Crucially, even with protective equipment there is still a chance the virus can spread depending on the circumstance, especially if stringent safety and disinfection precautions aren’t uniformly followed. 

Duty vs heath 

Many healthcare workers are conflicted between their duty to uphold the hippocratic oath when it comes to treating sick patients over their concerns that they are playing Russian roulette with their lives and the lives of their family members. 

Some have deemed the risks too great. 

“None of the nurses are wearing masks, not even surgical masks in the hallways when they’re giving reports to each other,” reports Imaris Vera, a trauma nurse from Chicago, in a video after she decided to quit her job. 

Vera’s manager would reportedly not even allow her to wear a mask she brought to work on her own. 

“I had my own N95 mask, I told my manager ‘I understand we’re short on supplies but let me protect myself, let me feel safe, I have family that I have to come home to’.” 

Other healthcare workers have made the difficult decision to continue treating patients despite their concerns. 

Shelly Hughes, a nursing-home aide in Washington State, reported the difficulty of trying to treat her patients while straining to keep herself and her family healthy during the outbreak amid equipment shortages and poor pay. 

“It is physically demanding, and it’s emotionally taxing,” Hughes said. When her husband sees her off to work, it’s “like he’s sending me off to war or something,” she added. 

Fired after speaking out

For some on the frontline, pushing back against dangerous work standards has led to firings. 

“I was always taught that you stand up for what is right, and that’s what I did,” argued Maria Gray, a nurse from Missouri who was let go after reportedly demanding extra protection on two consecutive shifts. “I felt like, this isn’t right. They are putting my life at risk. They are putting other nurses’ lives at risk. They are putting patients at risk.”

Similar stories are emerging across the US. 

In Bellingham, Washington, a coastal city close to the Canadian border, Dr. Ming Lin took his concerns over a lack of protective equipment to his superiors. When that didn’t work, he turned to social media. According to reports, he was subsequently fired. 

“Morally, when you see something wrong, I think you have to speak out,” he argued in a video posted on YouTube. 

Some hospitals are enforcing a strict policy and not allowing their employees to talk to the media without first getting approval from their public relations department, while others are encouraging their health workers to get the message out that a lack of equipment is hurting their ability to take care of patients. 

“It’s so important that everyone understands how bad this is going to get,” argues Nisha Mehta, a radiologist from North Carolina who runs two Facebook groups for physicians. “The public needs to hear these stories and other physicians need to hear them to be warned against what’s coming.”

Protection is possible

Singapore has been praised for its efforts to protect healthcare workers.
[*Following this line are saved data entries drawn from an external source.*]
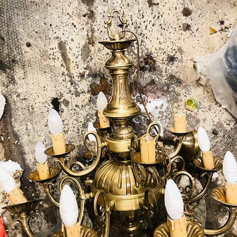 Iso (halkaisija n. 120 cm ja korkeus n. 140 cm) korkeaan tilaan hyvin sopiva näyttävä kattokruunu.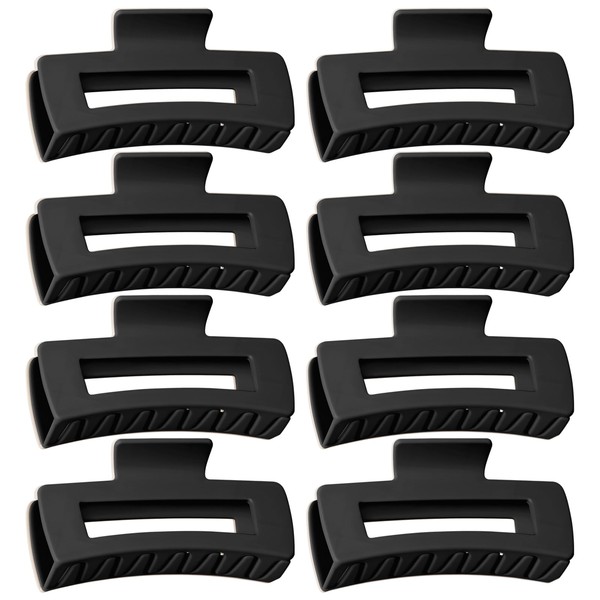 TOCESS Hair Claw Clips for Women - 8PK Large Neutral Matte Square Jumbo Hair Clips for Thick, Thin, Long, Short, Curly Hair Girls, Big Jaw Clip Set for Daily Use(Midnight Black)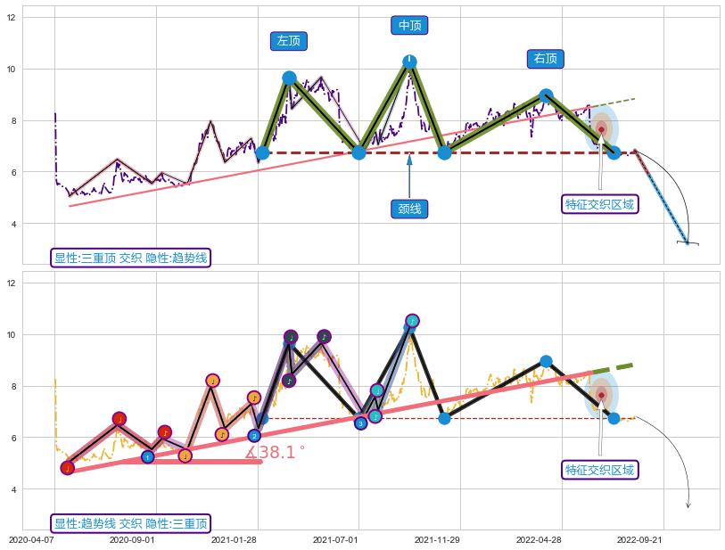 ➣ 【已确认突破】三重顶 起点:2021-01-29,突破点:2022-07-14,形态共351交易日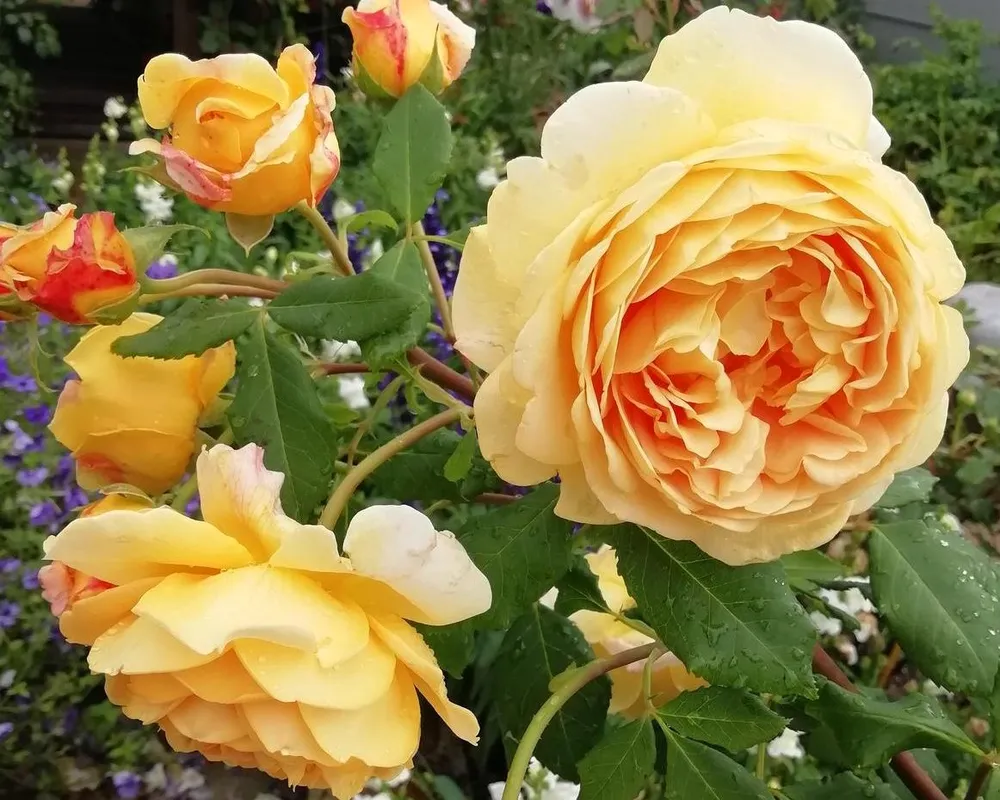 Голден Парфюм – это роза среднего размера, которая может вырасти до 1 метра в высоту и ширину. Куст густой, с множеством шипов. Цветки крупные, махровые, диаметром до 12 см, собраны в соцветия по 3-5 штук. Окраска цветов – яркий золотой цвет, который переливается на солнце, создавая впечатление благородства и роскоши.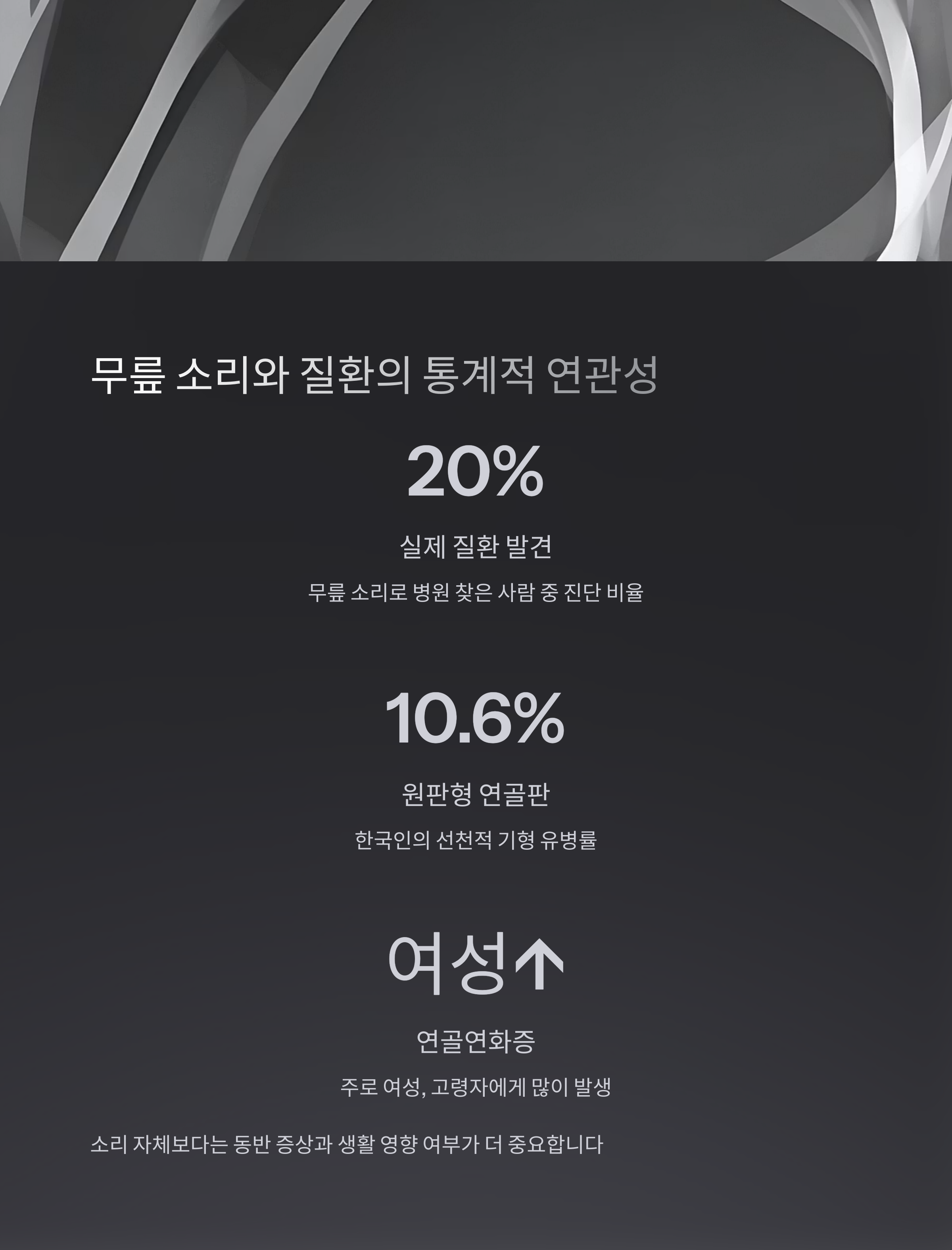 무릎 소리만으로 질병을 판단할 수는 없습니다.

Of the 8,000 COVID-19 cases and 11 deaths the country has seen, only a handful are reported to be healthcare personnel.

The Annals of Internal Medicine, an academic medical journal, reported that 41 healthcare workers in Singapore were potentially exposed to the virus when a patient was being intubated, a procedure that involves inserting a tube into the patient’s trachea to help them breathe. 

No workers ended up getting the virus, however, which the journal notes is likely due to their use of protective equipment. 

“That none of the health care workers in this situation acquired infection suggests that surgical masks, hand hygiene, and other standard procedures protected them from being infected,” the report concluded.